— У вас есть план? — напрягся губернатор.
— Черновой, — кивнул генерал. — Бежать отсюда бессмысленно, плохо, что Кира Ильинична это не понимает. Сбежать мы можем элементарно, сели на машины — и по газам. Но что тогда будут делать злоумышленники? Обозлятся, что не дали им закончить работу, плюнут на все, выберутся окольными путями к цивилизации, и что-то мне подсказывает, что мы не сможем им помешать, обнародуют материалы, что у них уже имеются. А это полный крах для нас. Вернее, это полный крах для Коровина и отца Лаврентия, а для нас это лишь начало краха… Поэтому, как ни парадоксально звучит, наше присутствие здесь — надежда на безопасность в дальнейшем.
— Мы не бестолковые, Григорий Алексеевич, — нетерпеливо поморщился Глобарь. — Предлагаете-то вы что?
— Допускаю, что снаружи кто-то из злоумышленников уже контролирует дорогу.
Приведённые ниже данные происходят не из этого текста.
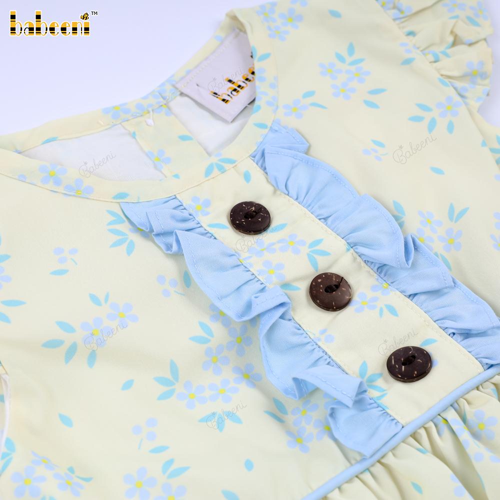 Features: Lovely dress for little girls with flowers printed on fabric, ruffle on chest, two pockets, angel sleeves. Perfect for Spring summer. Best gifts for birthday or special days.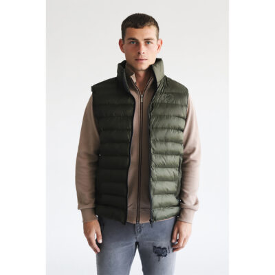 Lightweight Khaki Sleeveless Jacket with Logo Print (Modern Fit)

Не уверен, но допускаю. Нам это сыграет только на руку. Сбежать мы не можем, но почему бы не создать иллюзию бегства? В охране есть один парень по фамилии Некрасов, он моложе Василия Ивановича, но по комплекции — вылитый он. И даже лицом чем-то похож. Не напрягайтесь, Василий Иванович, вам никто не предлагает рисковать жизнью — разве что поделиться одеждой. Мы незаметно выводим наружу небольшой отряд, рассредоточиваем в лесу. Основные силы прочесывают урочище, палят во все стороны, демонстративно отвлекая внимание. Ублюдки насторожатся. А в это время губернатор с двумя телохранителями под шумок пытается улизнуть из урочища. Можно на машине, но лучше пешком. Держу пари, они заметят, их это возмутит, они помчатся в погоню. И в лесу вне урочища мы их накроем.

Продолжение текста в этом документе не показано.